AVAILABLE DATA:
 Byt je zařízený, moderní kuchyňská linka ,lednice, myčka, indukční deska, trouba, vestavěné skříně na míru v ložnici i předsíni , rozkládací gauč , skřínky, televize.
--
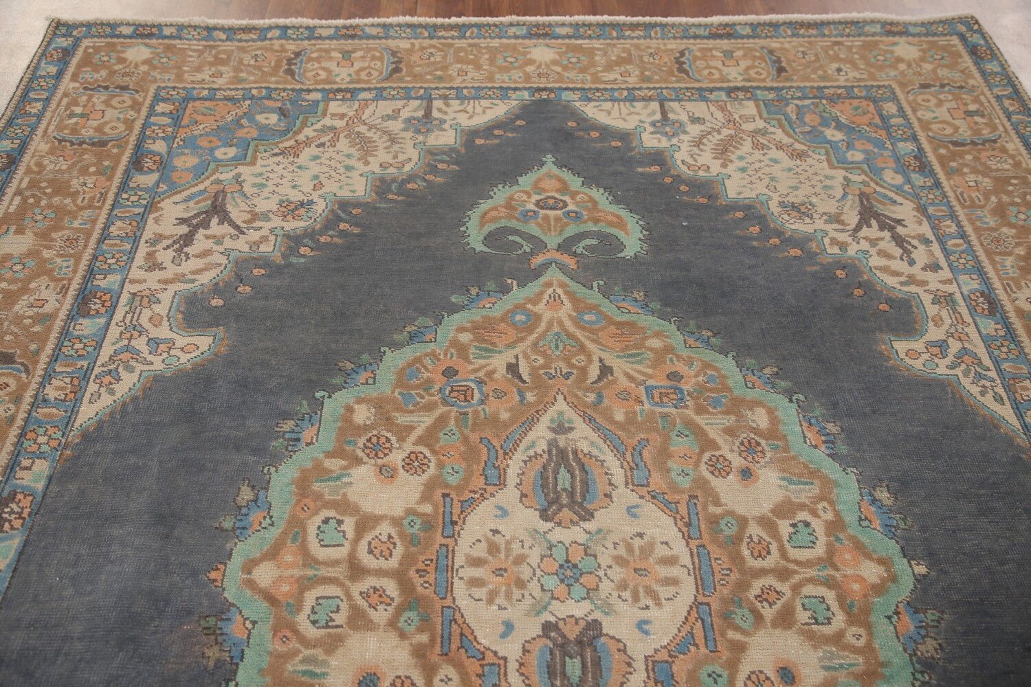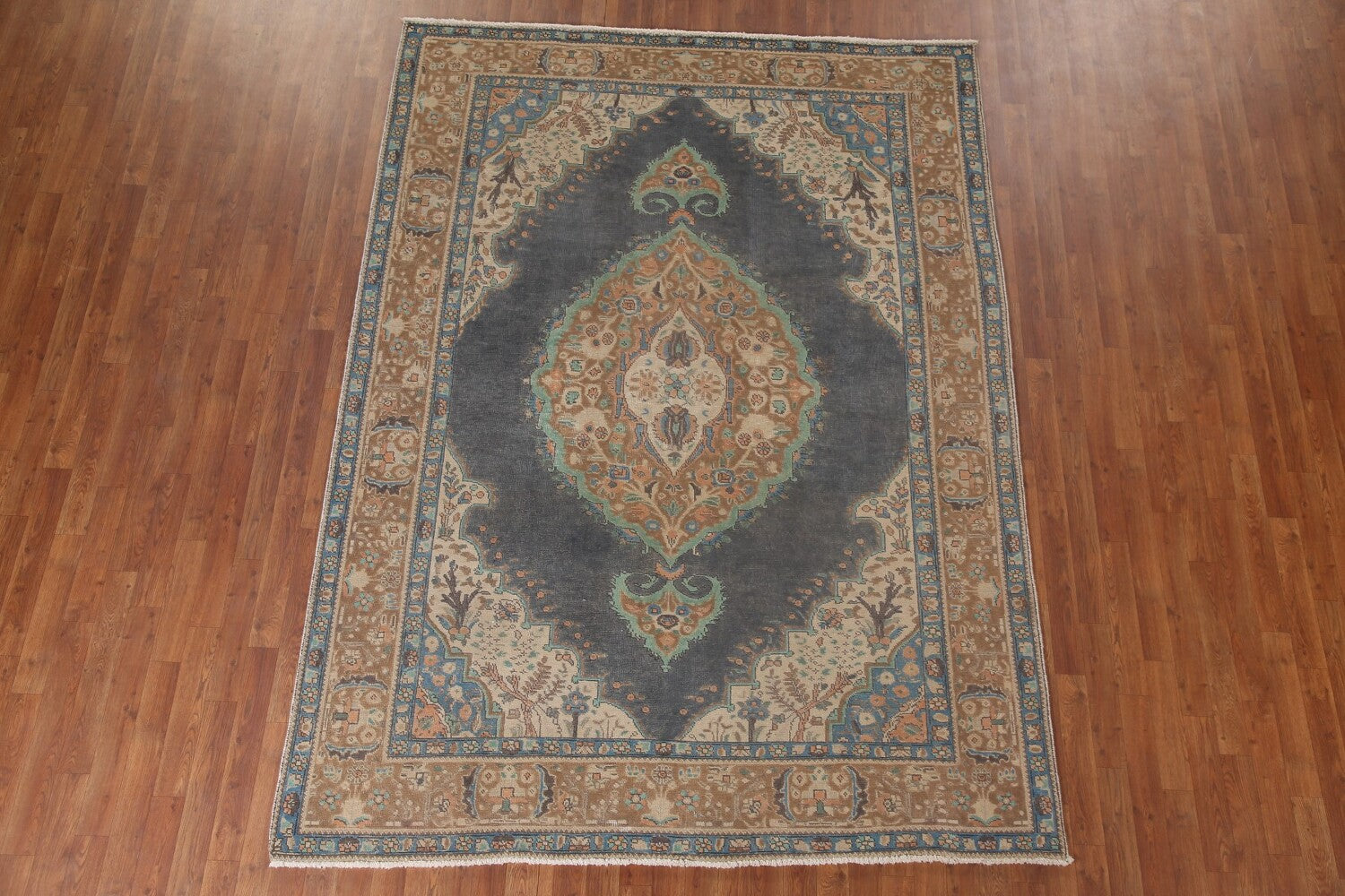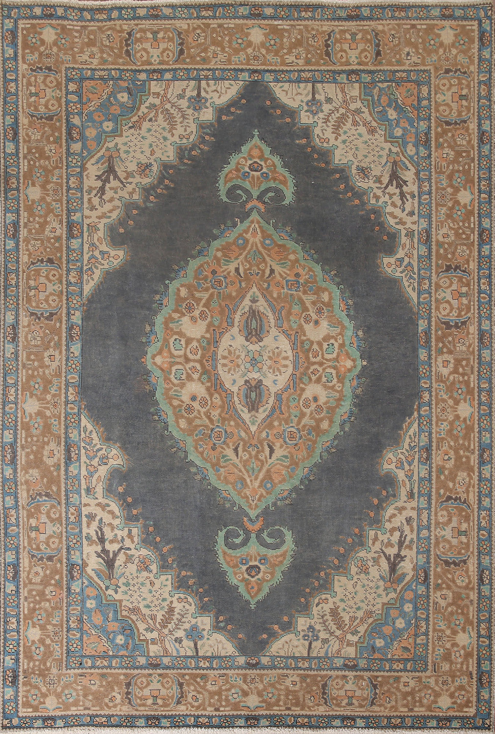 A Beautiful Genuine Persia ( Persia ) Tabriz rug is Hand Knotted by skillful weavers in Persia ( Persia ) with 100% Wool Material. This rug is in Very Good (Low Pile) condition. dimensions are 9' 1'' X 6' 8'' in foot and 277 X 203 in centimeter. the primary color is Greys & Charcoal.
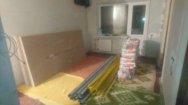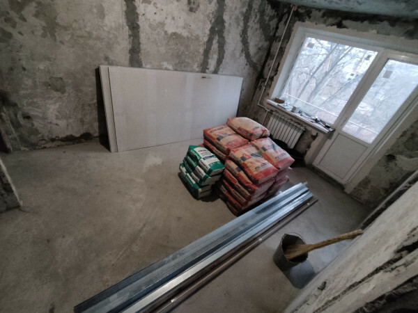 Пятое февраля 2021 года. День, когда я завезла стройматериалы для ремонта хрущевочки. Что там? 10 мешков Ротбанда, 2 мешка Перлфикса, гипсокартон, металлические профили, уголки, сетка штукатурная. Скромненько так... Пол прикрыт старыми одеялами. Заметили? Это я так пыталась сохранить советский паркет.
---
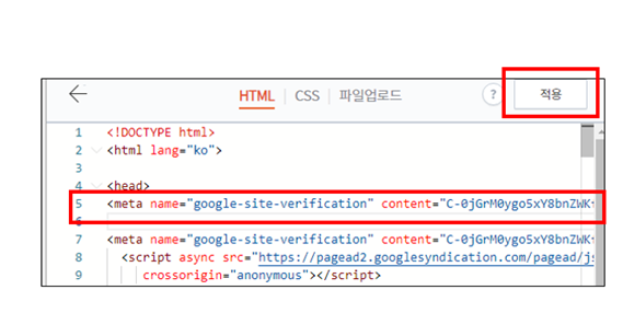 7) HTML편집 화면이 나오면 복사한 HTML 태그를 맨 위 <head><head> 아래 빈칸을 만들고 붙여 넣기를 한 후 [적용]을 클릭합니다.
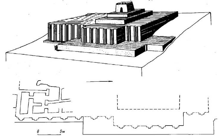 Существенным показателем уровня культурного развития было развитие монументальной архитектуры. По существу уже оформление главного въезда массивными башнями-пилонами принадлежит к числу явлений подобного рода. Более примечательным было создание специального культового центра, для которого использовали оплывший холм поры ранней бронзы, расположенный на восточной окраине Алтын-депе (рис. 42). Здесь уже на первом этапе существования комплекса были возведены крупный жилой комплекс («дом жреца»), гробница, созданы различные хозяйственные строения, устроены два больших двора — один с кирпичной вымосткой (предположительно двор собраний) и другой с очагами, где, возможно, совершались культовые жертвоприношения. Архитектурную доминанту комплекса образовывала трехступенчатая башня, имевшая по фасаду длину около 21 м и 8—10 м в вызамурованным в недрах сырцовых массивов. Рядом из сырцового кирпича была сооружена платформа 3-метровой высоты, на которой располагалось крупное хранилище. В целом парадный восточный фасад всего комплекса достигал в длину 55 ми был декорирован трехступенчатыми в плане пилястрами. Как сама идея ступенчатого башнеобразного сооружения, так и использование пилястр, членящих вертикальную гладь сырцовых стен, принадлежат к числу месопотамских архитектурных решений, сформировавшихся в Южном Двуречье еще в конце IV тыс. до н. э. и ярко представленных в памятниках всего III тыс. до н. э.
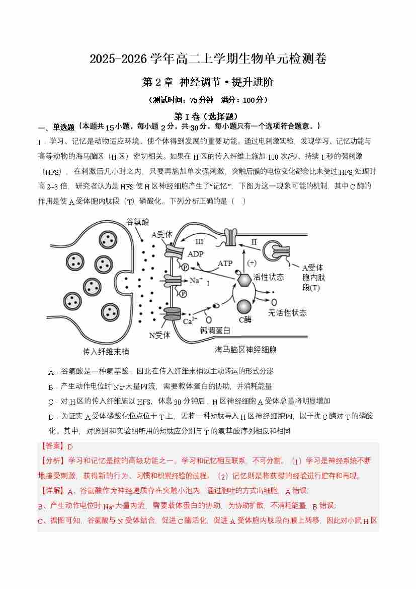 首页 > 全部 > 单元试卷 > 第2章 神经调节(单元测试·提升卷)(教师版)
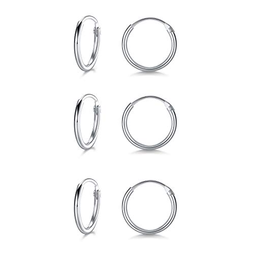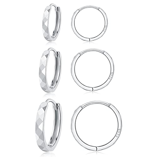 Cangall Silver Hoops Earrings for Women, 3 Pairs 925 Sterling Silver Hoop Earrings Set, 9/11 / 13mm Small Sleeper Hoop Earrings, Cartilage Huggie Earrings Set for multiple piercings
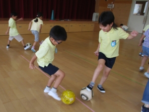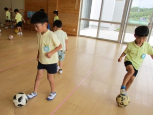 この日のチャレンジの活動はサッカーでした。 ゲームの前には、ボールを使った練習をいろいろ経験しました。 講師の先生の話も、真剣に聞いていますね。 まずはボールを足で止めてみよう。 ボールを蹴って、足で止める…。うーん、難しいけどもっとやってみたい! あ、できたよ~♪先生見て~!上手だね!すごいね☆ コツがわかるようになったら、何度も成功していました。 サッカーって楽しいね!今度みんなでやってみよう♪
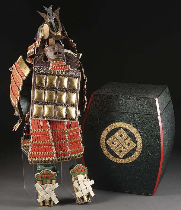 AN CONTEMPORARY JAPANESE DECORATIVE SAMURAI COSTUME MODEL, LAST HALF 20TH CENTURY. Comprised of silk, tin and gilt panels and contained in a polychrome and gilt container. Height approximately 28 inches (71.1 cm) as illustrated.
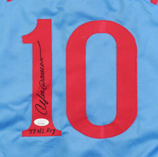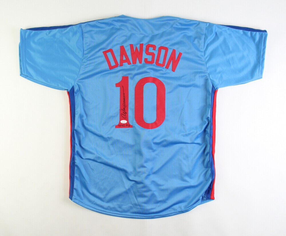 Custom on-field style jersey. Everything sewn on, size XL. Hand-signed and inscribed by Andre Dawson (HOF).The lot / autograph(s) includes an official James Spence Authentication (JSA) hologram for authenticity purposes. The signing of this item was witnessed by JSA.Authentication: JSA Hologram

ASSIGNED TASK: Above are some entries. Restate word for word the lines from the one holding "AN CONTEMPORARY JAPANESE" through the one holding "Custom on-field style", but not the pictures.

REPLY:
 AN CONTEMPORARY JAPANESE DECORATIVE SAMURAI COSTUME MODEL, LAST HALF 20TH CENTURY. Comprised of silk, tin and gilt panels and contained in a polychrome and gilt container. Height approximately 28 inches (71.1 cm) as illustrated.
 Custom on-field style jersey. Everything sewn on, size XL. Hand-signed and inscribed by Andre Dawson (HOF).The lot / autograph(s) includes an official James Spence Authentication (JSA) hologram for authenticity purposes. The signing of this item was witnessed by JSA.Authentication: JSA Hologram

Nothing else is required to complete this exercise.